### Task directions
Transcribe, exactly and without pictures, the lines below from the line with "Blush ruffled Monique" to the line with "Elegant Comfort Luxuriously", both ends included, and no others.

[Data records]
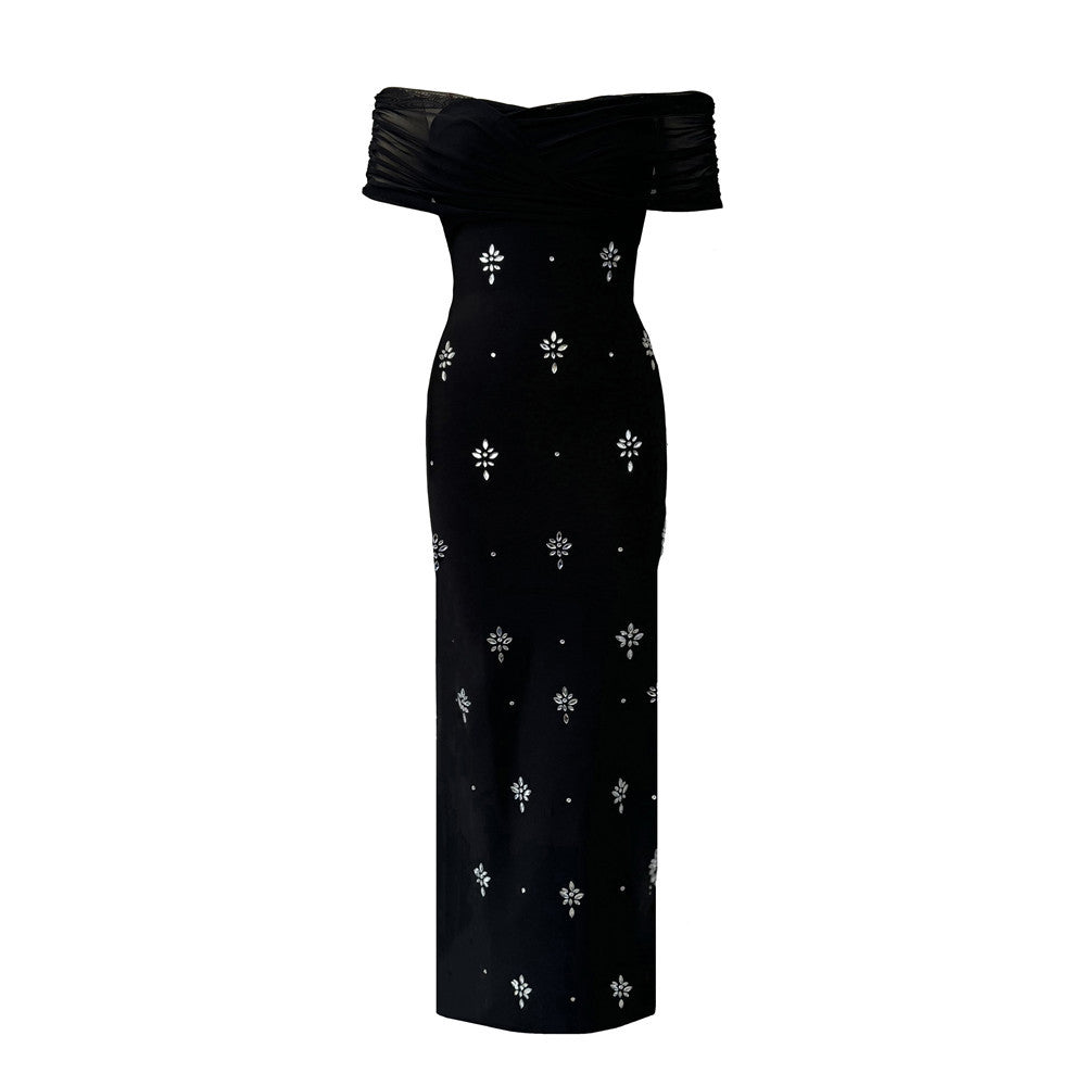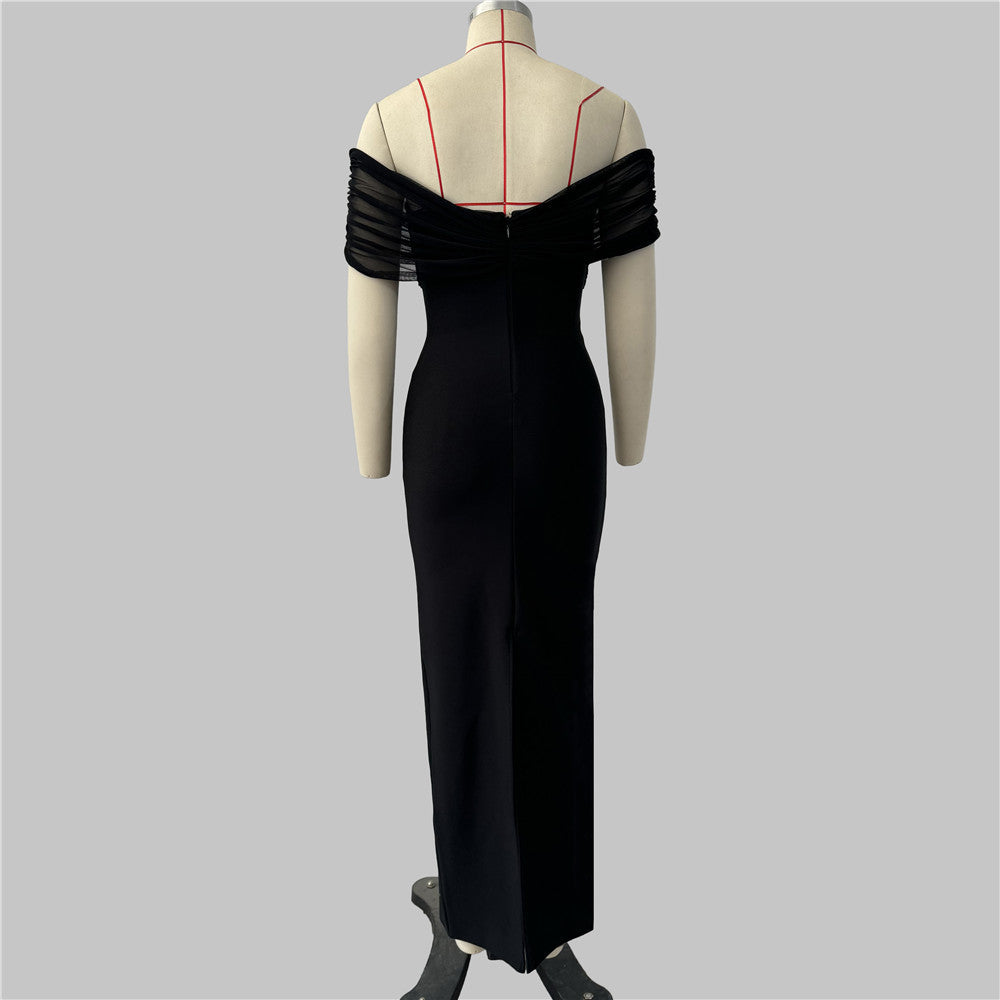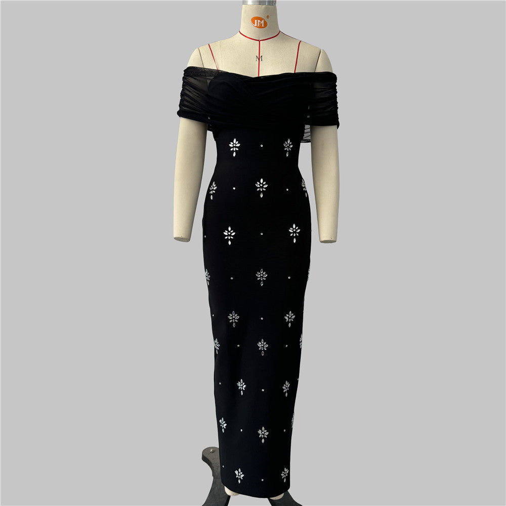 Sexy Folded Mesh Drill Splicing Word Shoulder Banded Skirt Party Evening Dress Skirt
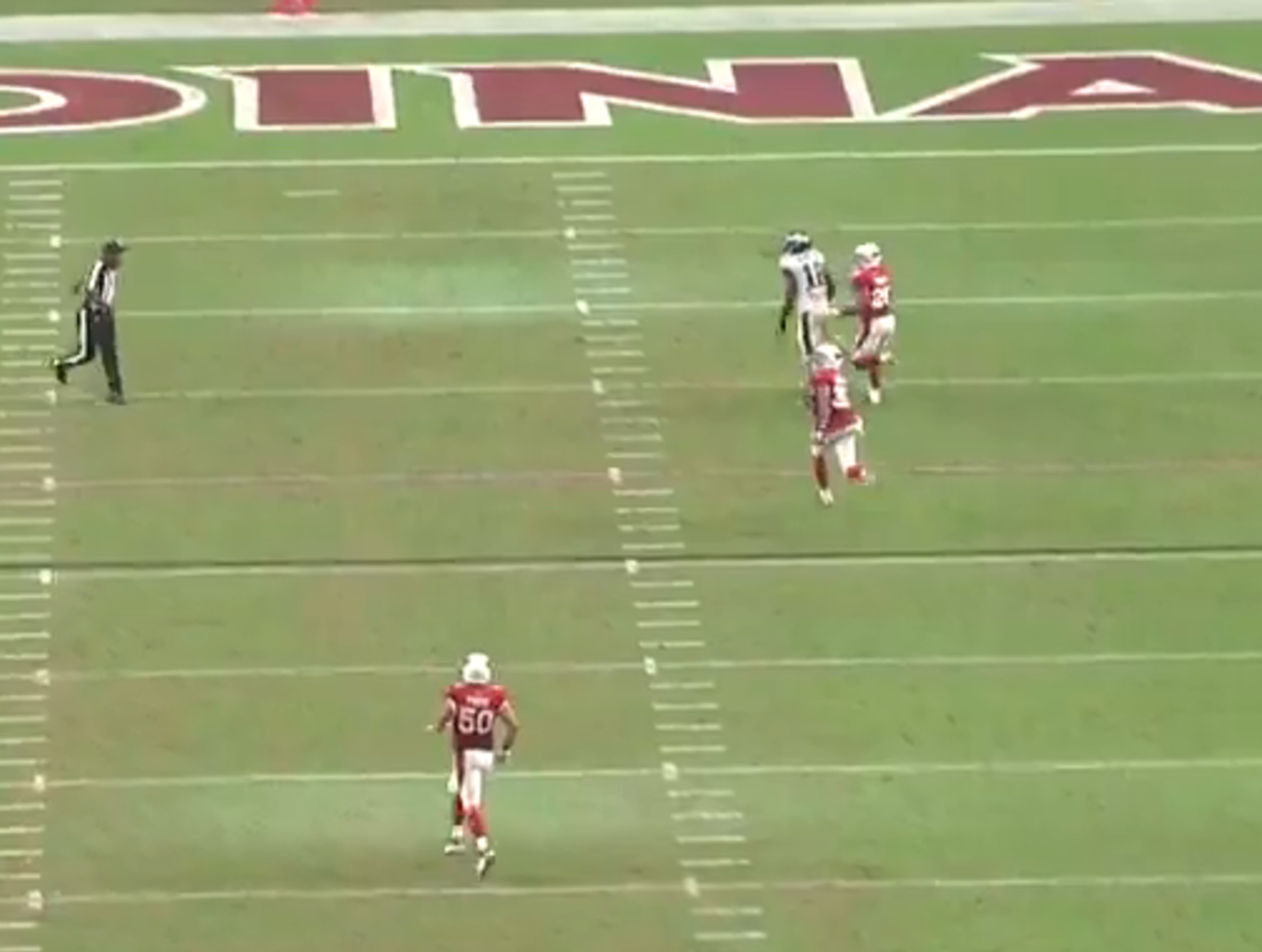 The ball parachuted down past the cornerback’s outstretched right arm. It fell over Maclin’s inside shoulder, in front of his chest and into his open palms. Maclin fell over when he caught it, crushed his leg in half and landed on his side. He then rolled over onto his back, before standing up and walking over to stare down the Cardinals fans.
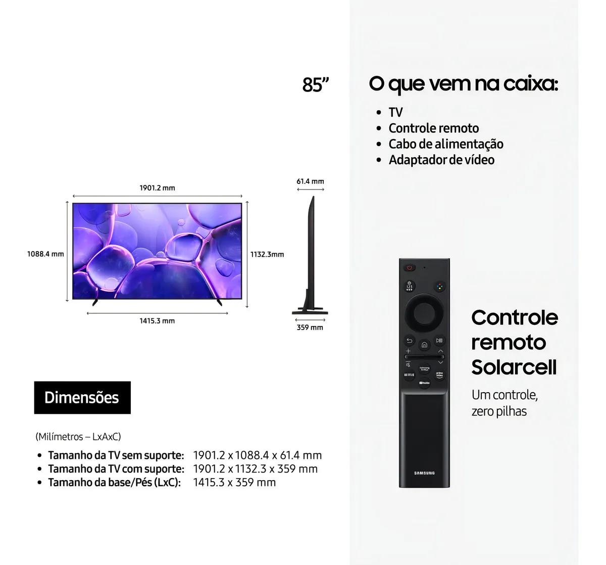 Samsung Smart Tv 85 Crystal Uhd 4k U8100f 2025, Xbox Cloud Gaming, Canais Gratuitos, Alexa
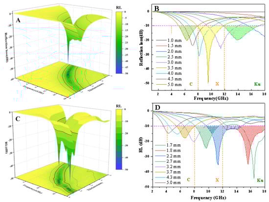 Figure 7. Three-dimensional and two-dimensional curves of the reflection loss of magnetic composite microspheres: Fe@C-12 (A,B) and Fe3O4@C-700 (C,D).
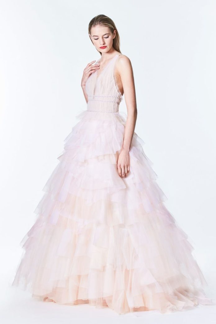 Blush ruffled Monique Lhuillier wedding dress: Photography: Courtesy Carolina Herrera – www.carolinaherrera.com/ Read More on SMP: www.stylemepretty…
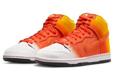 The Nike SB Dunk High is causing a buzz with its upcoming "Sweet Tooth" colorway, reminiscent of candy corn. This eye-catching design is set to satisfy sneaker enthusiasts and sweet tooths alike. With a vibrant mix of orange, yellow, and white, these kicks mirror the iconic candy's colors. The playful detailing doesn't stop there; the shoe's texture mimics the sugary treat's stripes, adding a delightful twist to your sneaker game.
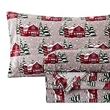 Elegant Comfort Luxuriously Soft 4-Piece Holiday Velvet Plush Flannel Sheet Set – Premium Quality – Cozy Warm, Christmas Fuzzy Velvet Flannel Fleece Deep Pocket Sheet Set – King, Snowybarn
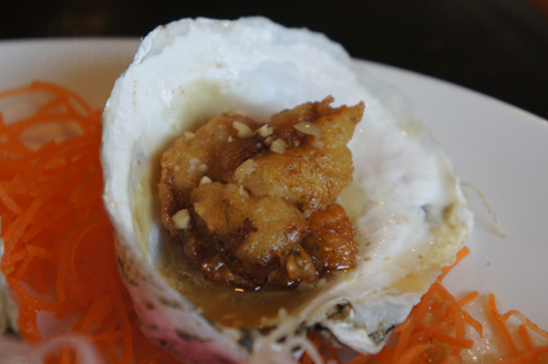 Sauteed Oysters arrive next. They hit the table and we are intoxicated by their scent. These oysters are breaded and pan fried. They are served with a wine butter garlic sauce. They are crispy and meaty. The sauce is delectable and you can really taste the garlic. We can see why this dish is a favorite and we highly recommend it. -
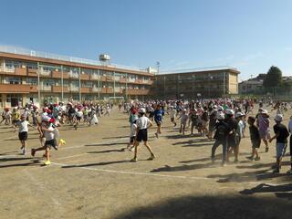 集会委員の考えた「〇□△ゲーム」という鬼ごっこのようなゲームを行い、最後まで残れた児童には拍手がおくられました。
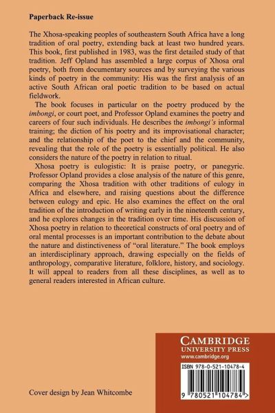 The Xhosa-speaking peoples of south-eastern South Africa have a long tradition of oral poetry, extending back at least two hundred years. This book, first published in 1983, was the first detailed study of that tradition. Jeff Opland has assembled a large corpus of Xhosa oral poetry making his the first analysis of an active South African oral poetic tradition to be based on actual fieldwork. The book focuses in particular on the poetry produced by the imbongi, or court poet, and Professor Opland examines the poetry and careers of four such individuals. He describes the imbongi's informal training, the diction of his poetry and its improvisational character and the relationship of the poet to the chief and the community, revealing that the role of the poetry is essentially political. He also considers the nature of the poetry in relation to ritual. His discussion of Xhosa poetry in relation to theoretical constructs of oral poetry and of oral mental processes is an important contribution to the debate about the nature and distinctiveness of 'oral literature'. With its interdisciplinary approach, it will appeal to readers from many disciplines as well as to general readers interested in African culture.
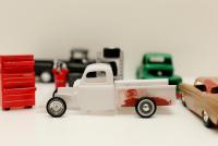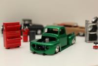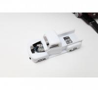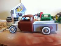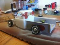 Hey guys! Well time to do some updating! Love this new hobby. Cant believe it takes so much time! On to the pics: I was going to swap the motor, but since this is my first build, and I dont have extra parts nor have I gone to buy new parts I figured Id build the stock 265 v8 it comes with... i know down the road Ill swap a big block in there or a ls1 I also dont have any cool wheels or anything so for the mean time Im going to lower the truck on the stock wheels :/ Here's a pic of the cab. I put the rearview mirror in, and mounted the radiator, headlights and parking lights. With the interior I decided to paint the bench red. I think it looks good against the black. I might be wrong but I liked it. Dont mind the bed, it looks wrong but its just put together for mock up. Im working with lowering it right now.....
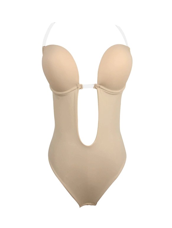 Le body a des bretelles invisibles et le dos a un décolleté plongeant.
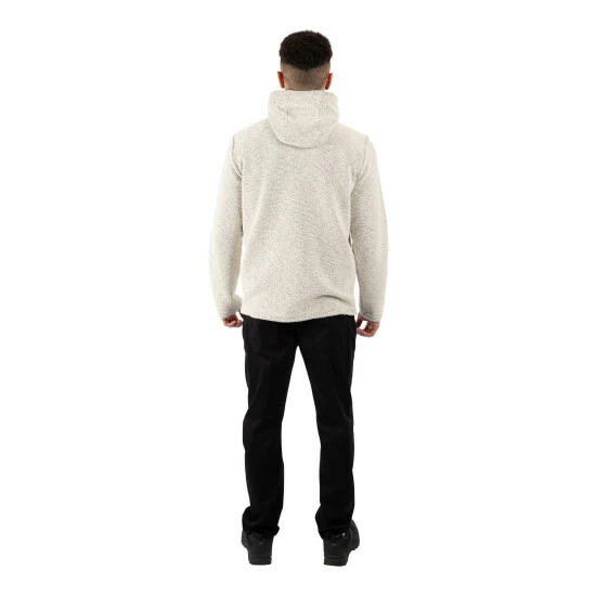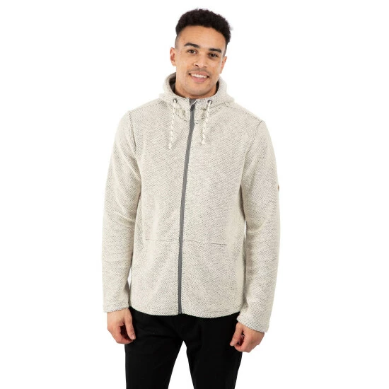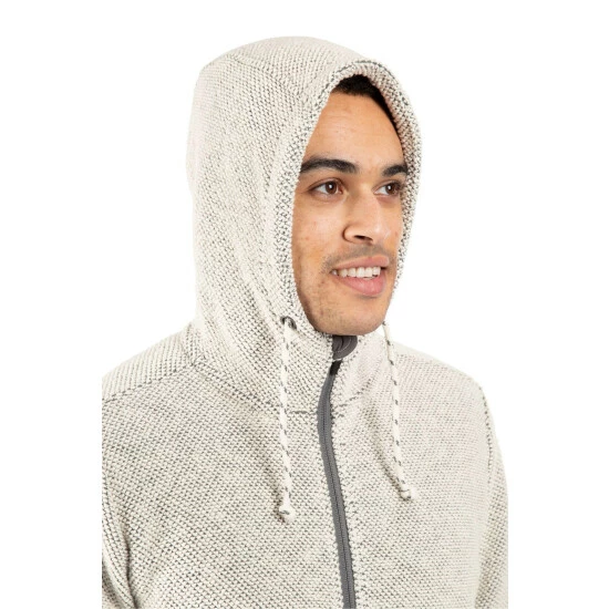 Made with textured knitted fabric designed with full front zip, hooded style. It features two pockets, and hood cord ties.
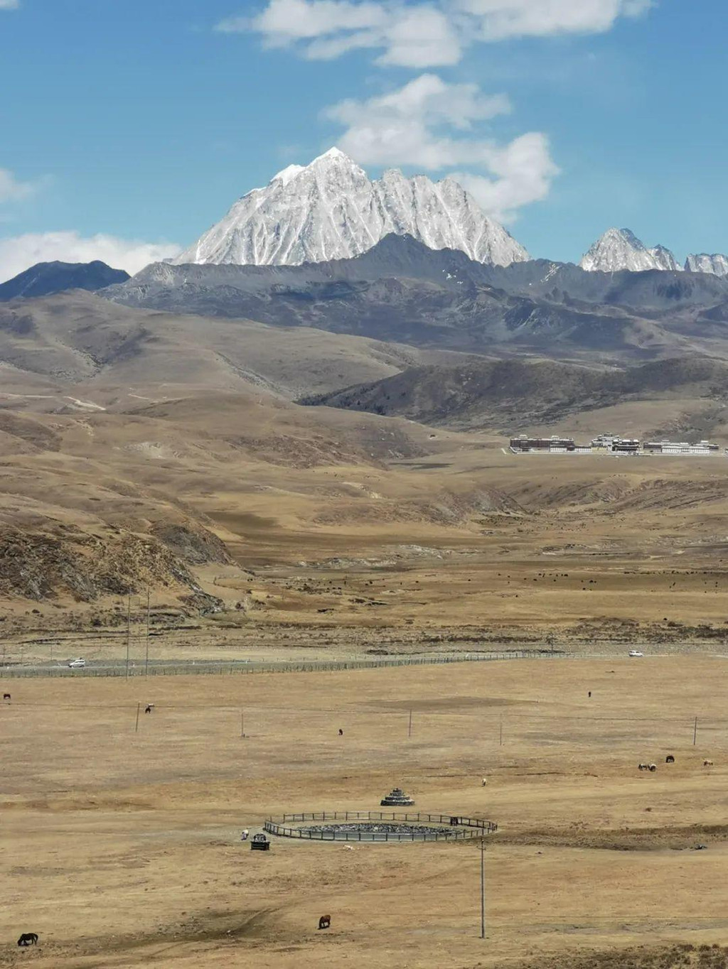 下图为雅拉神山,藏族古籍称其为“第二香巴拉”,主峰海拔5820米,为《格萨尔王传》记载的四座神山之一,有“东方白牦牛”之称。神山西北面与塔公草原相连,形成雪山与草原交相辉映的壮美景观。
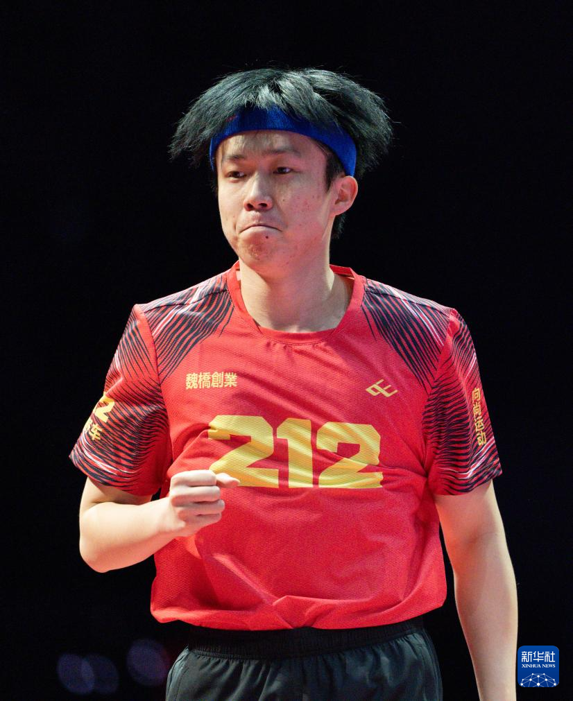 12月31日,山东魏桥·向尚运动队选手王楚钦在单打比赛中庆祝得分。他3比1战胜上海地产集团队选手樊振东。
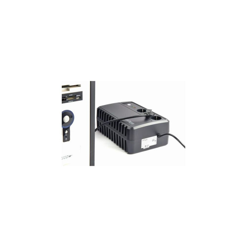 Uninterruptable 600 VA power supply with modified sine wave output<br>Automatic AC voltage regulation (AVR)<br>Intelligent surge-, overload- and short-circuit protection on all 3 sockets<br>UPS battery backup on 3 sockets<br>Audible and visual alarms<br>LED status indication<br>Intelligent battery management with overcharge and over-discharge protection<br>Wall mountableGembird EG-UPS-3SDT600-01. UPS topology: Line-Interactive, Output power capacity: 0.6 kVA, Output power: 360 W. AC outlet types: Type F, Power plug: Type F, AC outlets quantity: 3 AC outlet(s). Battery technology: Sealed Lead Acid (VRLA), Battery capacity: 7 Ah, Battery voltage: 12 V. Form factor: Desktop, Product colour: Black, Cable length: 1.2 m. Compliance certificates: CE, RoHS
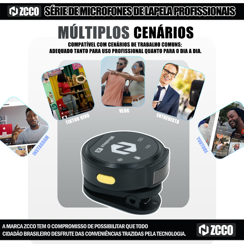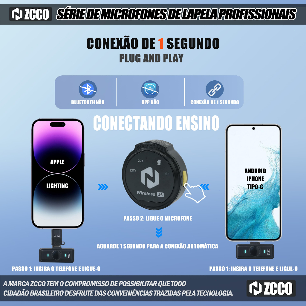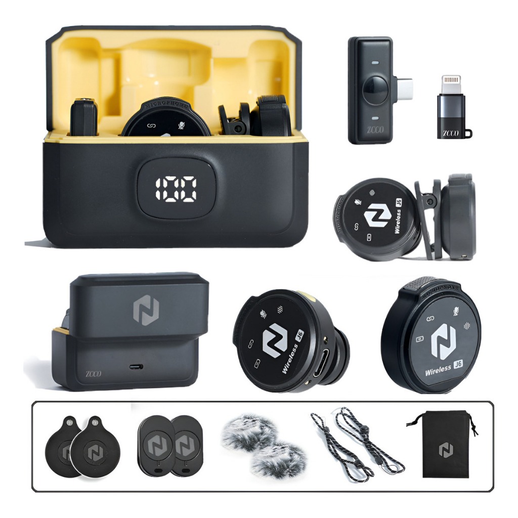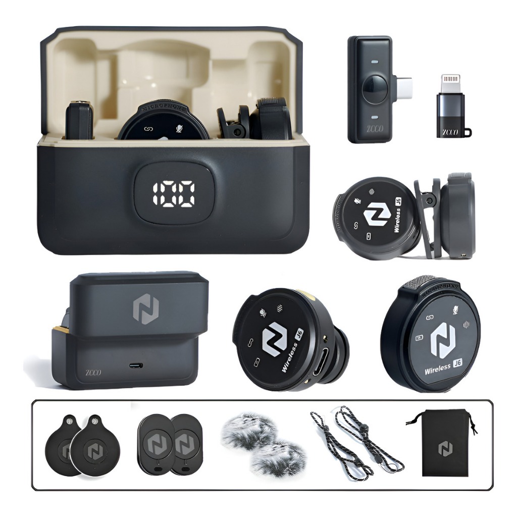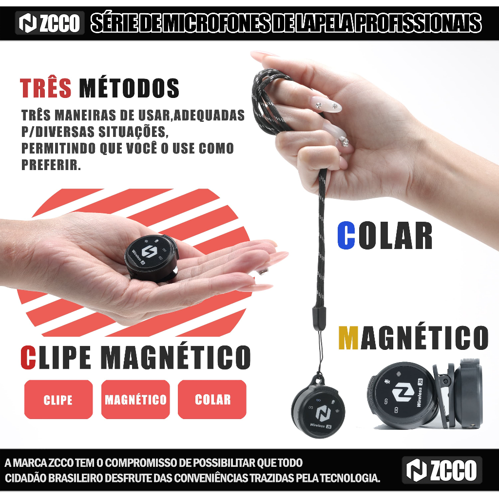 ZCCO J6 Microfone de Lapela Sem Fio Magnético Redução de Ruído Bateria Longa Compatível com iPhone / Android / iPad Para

### Solution to this exercise
 Blush ruffled Monique Lhuillier wedding dress: Photography: Courtesy Carolina Herrera – www.carolinaherrera.com/ Read More on SMP: www.stylemepretty…
 The Nike SB Dunk High is causing a buzz with its upcoming "Sweet Tooth" colorway, reminiscent of candy corn. This eye-catching design is set to satisfy sneaker enthusiasts and sweet tooths alike. With a vibrant mix of orange, yellow, and white, these kicks mirror the iconic candy's colors. The playful detailing doesn't stop there; the shoe's texture mimics the sugary treat's stripes, adding a delightful twist to your sneaker game.
 Elegant Comfort Luxuriously Soft 4-Piece Holiday Velvet Plush Flannel Sheet Set – Premium Quality – Cozy Warm, Christmas Fuzzy Velvet Flannel Fleece Deep Pocket Sheet Set – King, Snowybarn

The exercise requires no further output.